Des petites phrases qui ont marqué les esprits, signe que la langue familière fait mouche dans le discours politique. Mais attention à ne pas en abuser, au risque de perdre en crédibilité.
Un nouveau style présidentiel ?
Au-delà de l’effet de surprise, les propos de Michel Barnier posent la question d’une évolution durable du discours politique. Assiste-t-on à l’émergence d’un nouveau style présidentiel, plus direct, plus proche du langage populaire ?
Certains y verront un danger, celui d’une peopolisation de la vie politique.

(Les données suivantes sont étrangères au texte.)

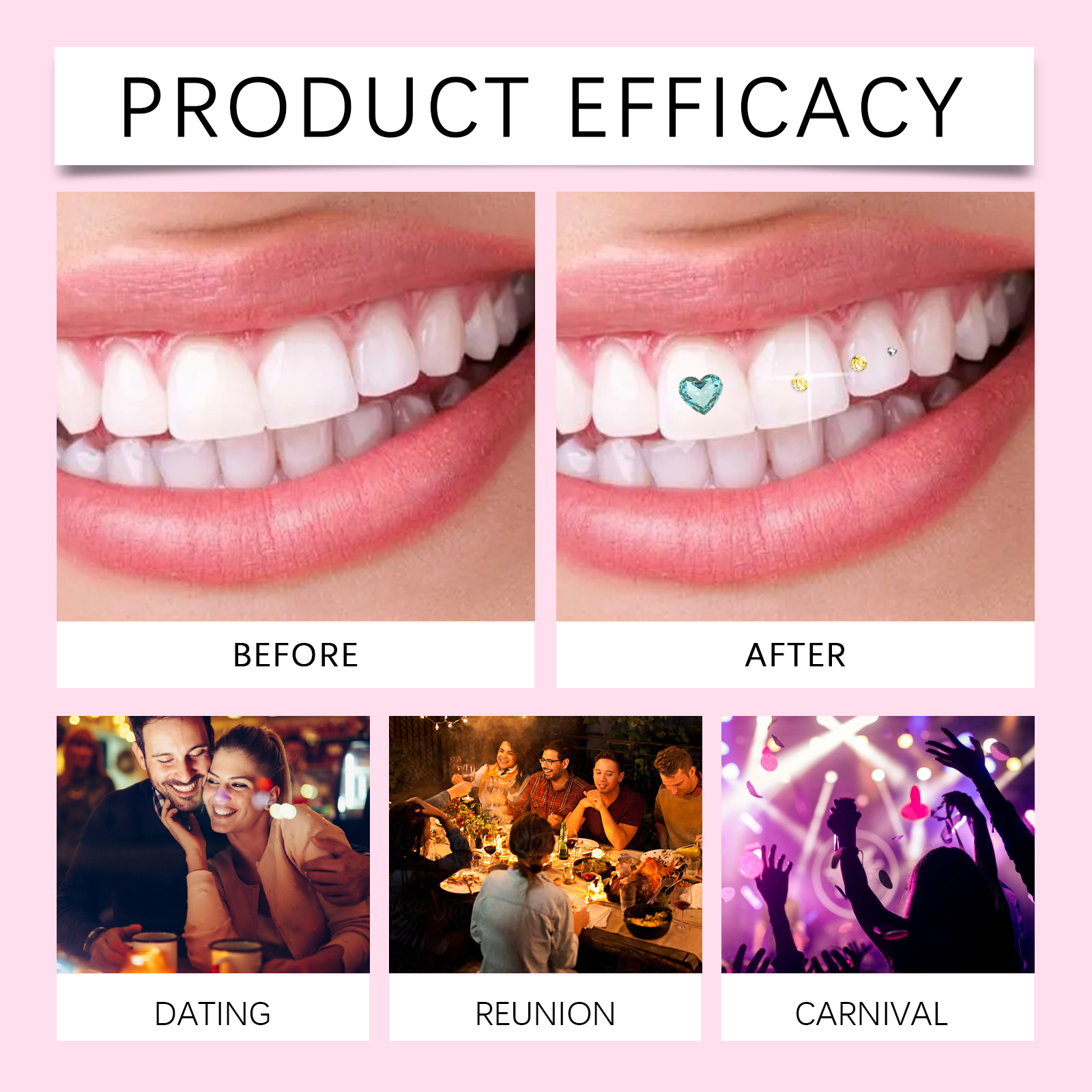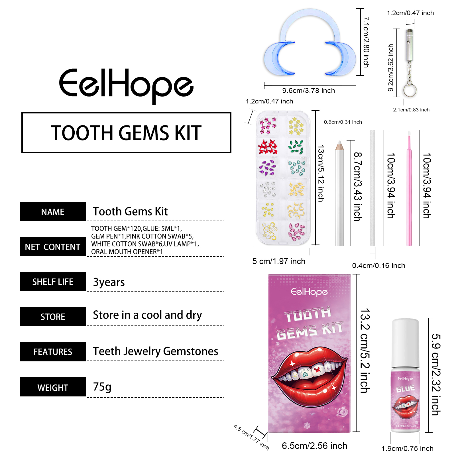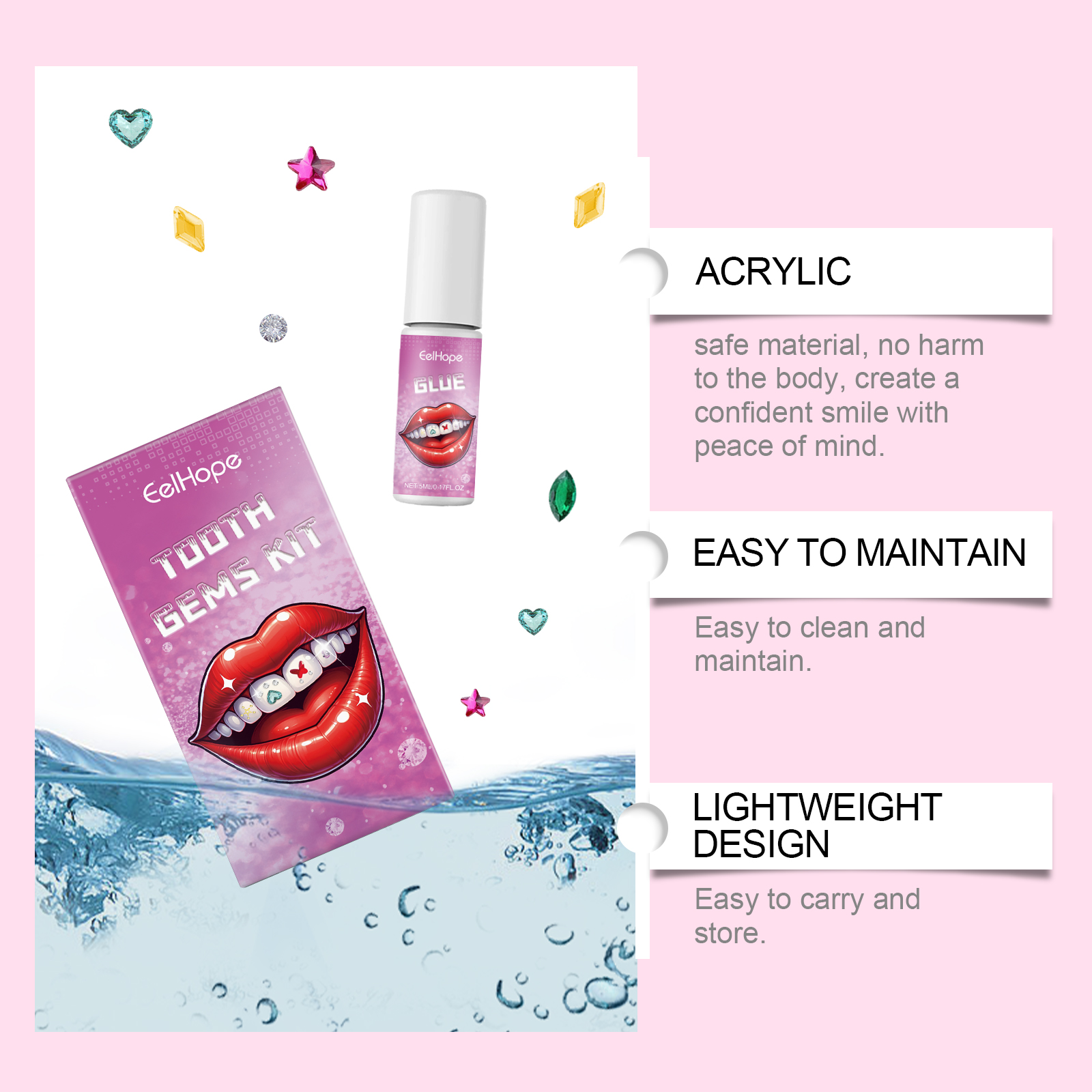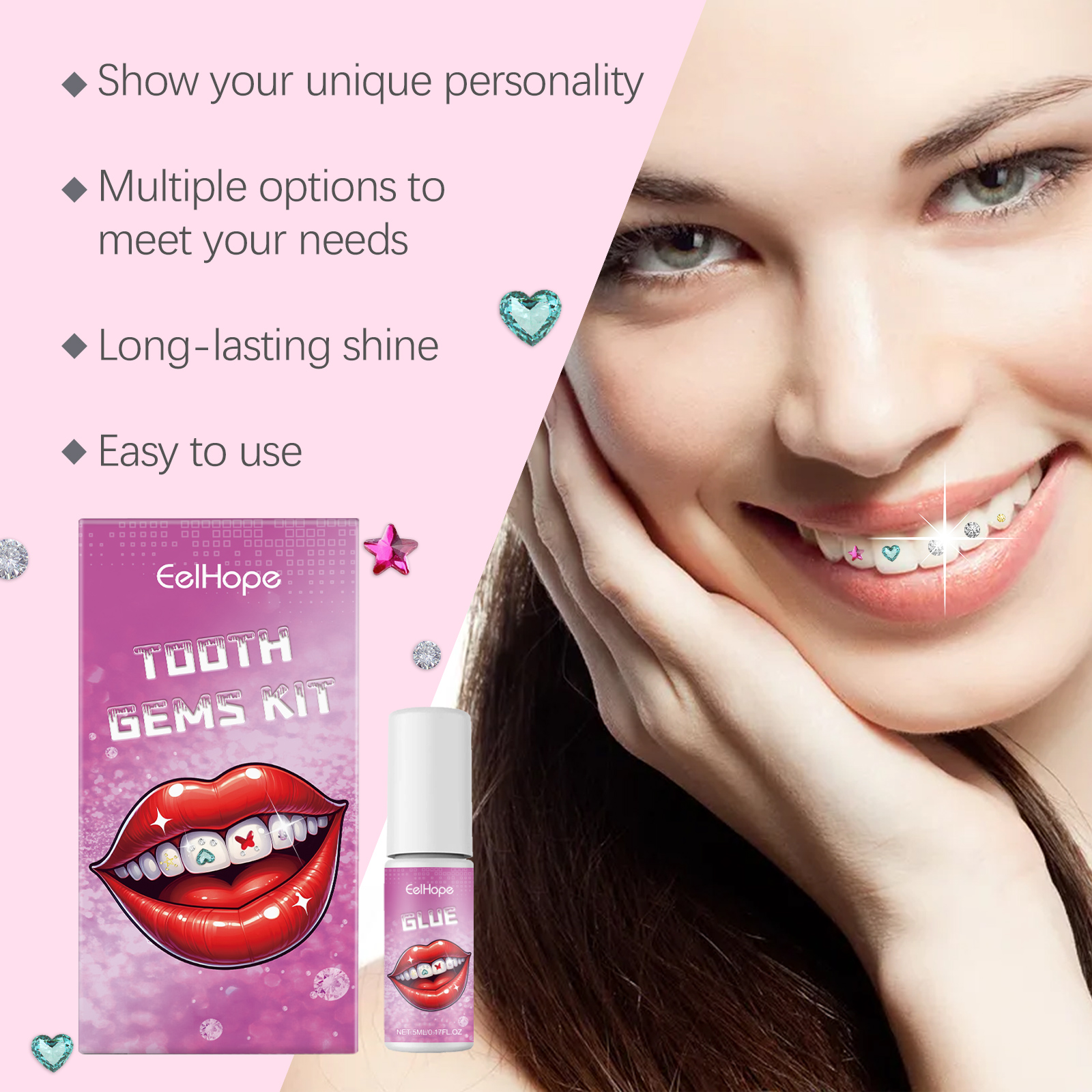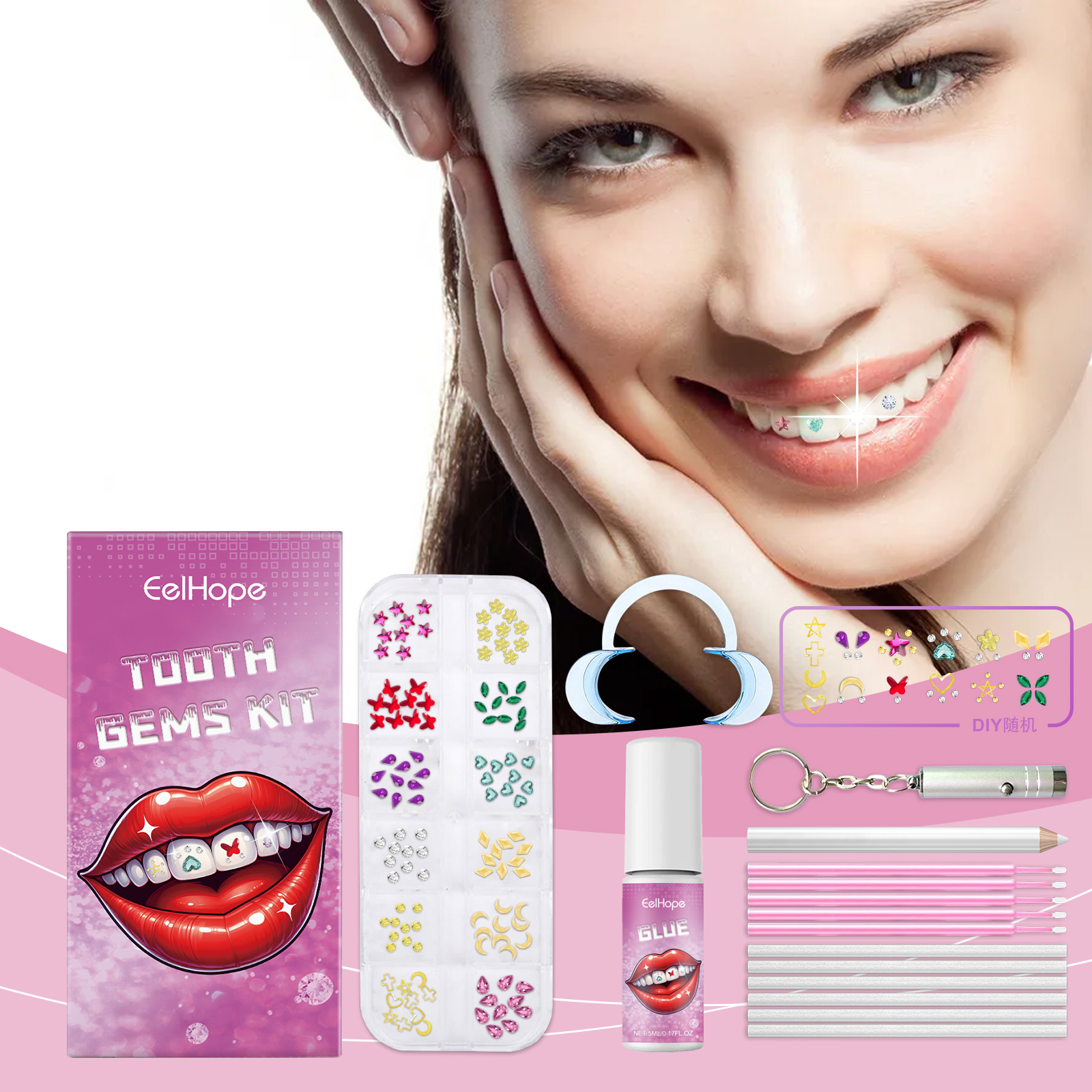 Our dental beauty kits contain acrylic, acrylic and methacrylate. It can cure glue quickly. Diverse selection of gemstones, personalized tooth decoration. The glue is durable and stable, and the decorative effect is lasting. Its use method is very simple: 1. Use the mouth opener to open and fix the mouth, put the white cotton swab into the mouth; 2. Clean teeth with a pink cotton swab, open the glue, take out the tooth gem with an eraser and dip it in the glue; 3. Stick gems on your teeth; 4. Dry the glue with ultraviolet light. Material safety, no harm to the bdy, with a peaceful mind to create a confident smile. Easy to clean and maintain

D’autres, au contraire, salueront le courage d’un homme prêt à bousculer les conventions pour dire les choses telles qu’elles sont. Une chose est sûre : la langue de bois n’a qu’à bien se tenir !

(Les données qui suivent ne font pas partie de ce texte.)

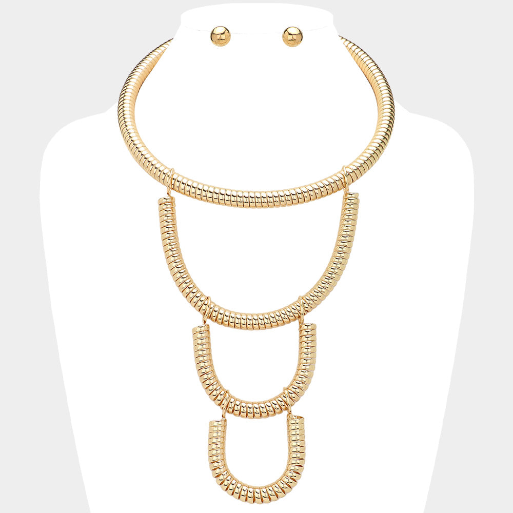 Make a playful statement with our Abstract Coil Gold Necklace Set. Its abstract coil design is sure to catch attention and add a touch of quirkiness to any outfit. Perfect for those who like to stand out and have a unique sense of style. Shine on with this one-of-a-kind necklace set!
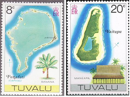 Twee postzegels uit 1978, links Funafuti, rechts Vaitupu
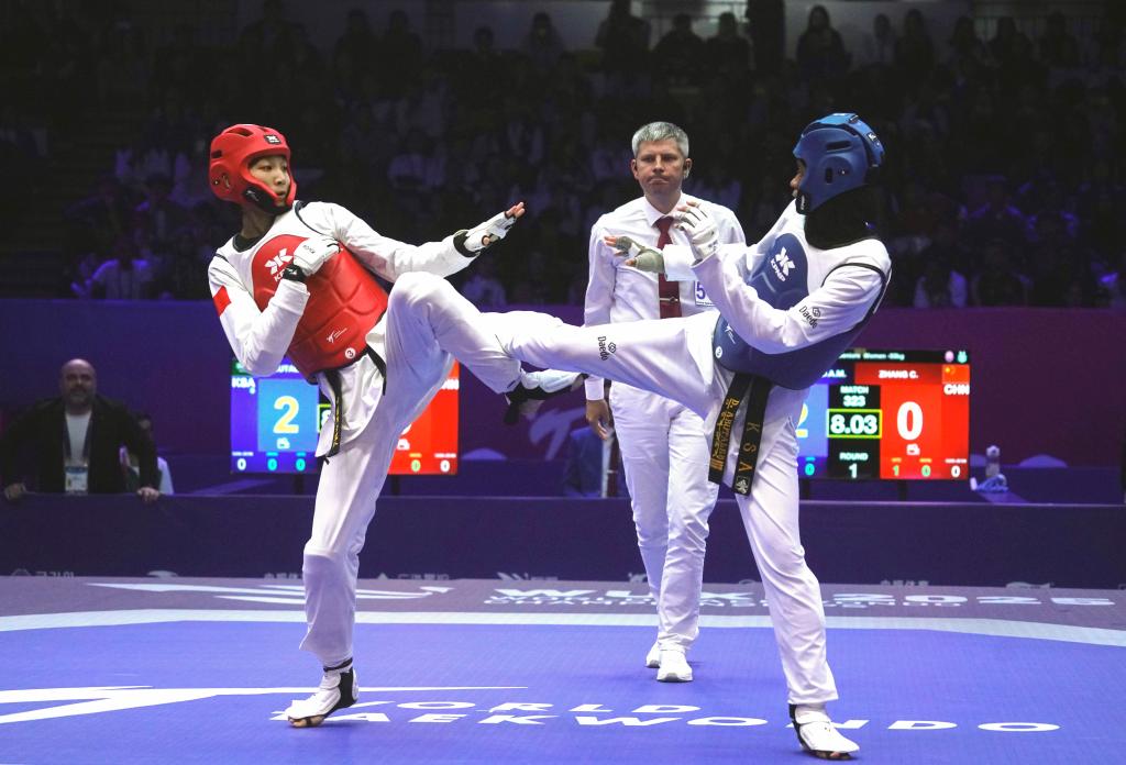 30日進(jìn)行了女子53公斤級(jí)和男子74公斤級(jí)比賽,中國隊(duì)的蔡兆勛止步男子74公斤級(jí)八強(qiáng),張楚玲闖進(jìn)女子53公斤級(jí)半決賽,但0:2不敵沙特阿拉伯選手阿布塔利布,獲得一枚銅牌。賽后她認(rèn)為自己的首次世錦賽之旅“不及格”,她說:“對(duì)于一些技戰(zhàn)術(shù)的運(yùn)用,感覺做得還是不夠好。第一次和很多高手過招,內(nèi)心還是有壓力的,感覺自己在節(jié)奏上跟她們差得還是有點(diǎn)多,在快節(jié)奏對(duì)抗的時(shí)候有點(diǎn)頂不住?!?/p>
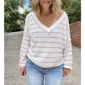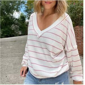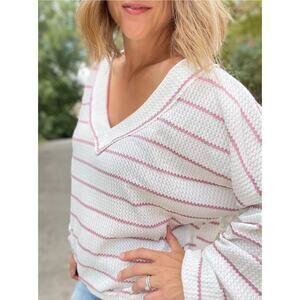 We're loving the sweet, cozy Maggie top! Featuring a soft knit with stripe print in pink and ivory, this is a standout piece that you'll reach for again and again!

Dès qu’un homme politique a l’usage d’un mot qui peut être considéré comme un peu familier ou usant d’une expression qui peut paraître plus authentique, on est surpris.
Arnaud Benedetti
En osant un vocabulaire inhabituel pour un Premier ministre, Michel Barnier bouscule les codes de la communication politique. Un pari risqué mais qui pourrait s’avérer payant dans un contexte de défiance envers les élites. Reste à savoir si cette stratégie du parler-vrai résistera à l’épreuve du temps et des crises. Les prochains mois nous le diront.